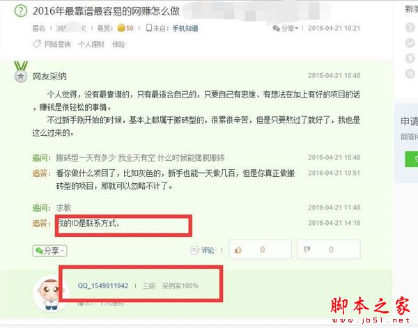 上圖可知,我把百度ID做成了廣告,并且是合法的廣告,根據(jù)百度注冊ID要求,這里可以留下自己的QQ或者微信,在百度知道吸粉的時候,只需要簡單的在回答內(nèi)容中加一句,看ID,如下圖:
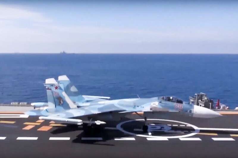 מטוס על נושאת המטוסים אדמירל קוזנצוב // צילום: אי.פי
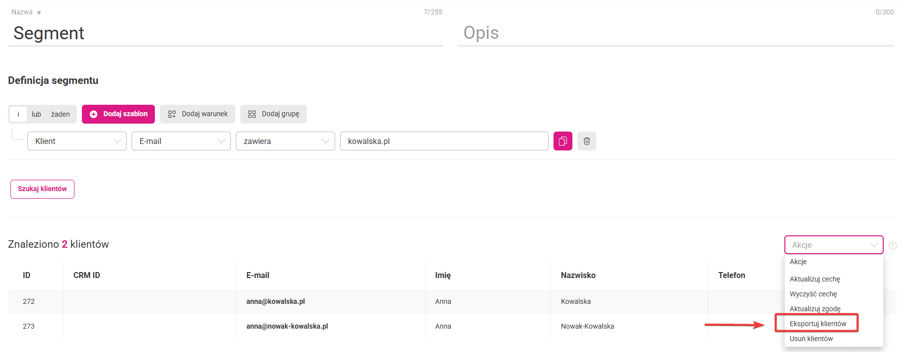 Eksport klientów z wybranego segmentu za pomocą opcji 'Akcje’
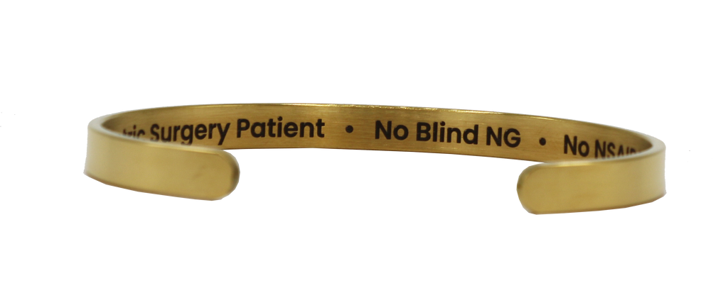 - Medical alert bracelet explicitly designed for gastric surgery patients
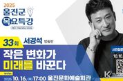 코리아타임뉴스 경북취재본부 | 울진군은 오는 10월 16일 오후 5시 후포면 울진문화예술회관에서 제33회 울진군 목요특강을 개최한다. 이번 특강은 방송인 서경석을 초청하여‘작은 변화가 미래를 바꾼다’라는 주제로 강연이 진행된다. 오랜 기간 방송 활동을 통해 국민과 소통하며 따뜻하고 유머러스한 화법으로 많은 사랑을 받아온 서경석 강사는 이번 강연에서 일상 속 작은 변화와 실천이 개인의 성장과 밝은 미래로 이어진다는 메시지를 군민들에게 전할 예정이다. 울진군 목요특강은 사전 신청 없이 무료로 관람할 수 있으며, 강연 후 현장에서 제공되는 만족도 조사 참여자와 사전질문 신청자 중 추첨을 통해 소정의 경품을 지급할 예정이다. 사전질문은 포스터에 안내된 QR코드를 통해 10월 1일부터 10일까지 신청할 수 있으며, 채택된 질문은 강연 중 서경석 강사가 직접 답변할 예정이다. 손병복 울진군수는 “이번 특강이 군민들에게 도전과 변화를 두려워하지 않는 긍정적인 메시지를 전할 것으로 기대한다”라며“많은 군민께서 함께하셔서 공감하고 웃으며, 미래를 준비하는 뜻깊은 시간이 되시길 바란다”라고 말했다. &n
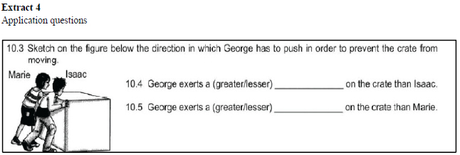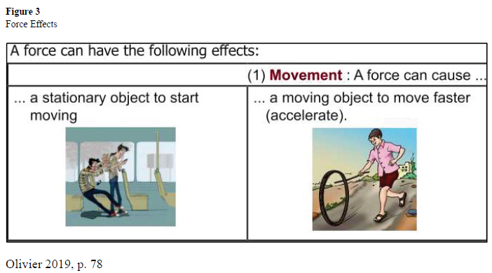 One may suggest that the pictures, for example the one that shows a person pushing toothpaste out of a tube, relate meaningfully to the terms push and pull used to introduce the notion of force but there is no link between the words push and pull and the actions shown in the pictures. The notion of force may have been better represented in the book if each picture had been set as an example of push or pull forces. An experienced teacher could use the pictures to prompt learners' thinking by asking questions such as: "Do you think this is a push or a pull?" and "Can you name other everyday experiences in which we apply force as a pull or as a push?" This level of engagement requires the teacher to go beyond the textbook and use their own initiative in teaching this concept. Where teachers have limited in-depth conceptual knowledge of science content, this will be impossible, and students will struggle to understand what force means (see Spaull, 2015).

════════════════

What the task asks:
From the first line to the last, give the data again exactly, but without pictures.

Result of this task:
 上圖可知,我把百度ID做成了廣告,并且是合法的廣告,根據(jù)百度注冊ID要求,這里可以留下自己的QQ或者微信,在百度知道吸粉的時候,只需要簡單的在回答內(nèi)容中加一句,看ID,如下圖:
 מטוס על נושאת המטוסים אדמירל קוזנצוב // צילום: אי.פי
 Eksport klientów z wybranego segmentu za pomocą opcji 'Akcje’
 - Medical alert bracelet explicitly designed for gastric surgery patients
 코리아타임뉴스 경북취재본부 | 울진군은 오는 10월 16일 오후 5시 후포면 울진문화예술회관에서 제33회 울진군 목요특강을 개최한다. 이번 특강은 방송인 서경석을 초청하여‘작은 변화가 미래를 바꾼다’라는 주제로 강연이 진행된다. 오랜 기간 방송 활동을 통해 국민과 소통하며 따뜻하고 유머러스한 화법으로 많은 사랑을 받아온 서경석 강사는 이번 강연에서 일상 속 작은 변화와 실천이 개인의 성장과 밝은 미래로 이어진다는 메시지를 군민들에게 전할 예정이다. 울진군 목요특강은 사전 신청 없이 무료로 관람할 수 있으며, 강연 후 현장에서 제공되는 만족도 조사 참여자와 사전질문 신청자 중 추첨을 통해 소정의 경품을 지급할 예정이다. 사전질문은 포스터에 안내된 QR코드를 통해 10월 1일부터 10일까지 신청할 수 있으며, 채택된 질문은 강연 중 서경석 강사가 직접 답변할 예정이다. 손병복 울진군수는 “이번 특강이 군민들에게 도전과 변화를 두려워하지 않는 긍정적인 메시지를 전할 것으로 기대한다”라며“많은 군민께서 함께하셔서 공감하고 웃으며, 미래를 준비하는 뜻깊은 시간이 되시길 바란다”라고 말했다. &n
 One may suggest that the pictures, for example the one that shows a person pushing toothpaste out of a tube, relate meaningfully to the terms push and pull used to introduce the notion of force but there is no link between the words push and pull and the actions shown in the pictures. The notion of force may have been better represented in the book if each picture had been set as an example of push or pull forces. An experienced teacher could use the pictures to prompt learners' thinking by asking questions such as: "Do you think this is a push or a pull?" and "Can you name other everyday experiences in which we apply force as a pull or as a push?" This level of engagement requires the teacher to go beyond the textbook and use their own initiative in teaching this concept. Where teachers have limited in-depth conceptual knowledge of science content, this will be impossible, and students will struggle to understand what force means (see Spaull, 2015).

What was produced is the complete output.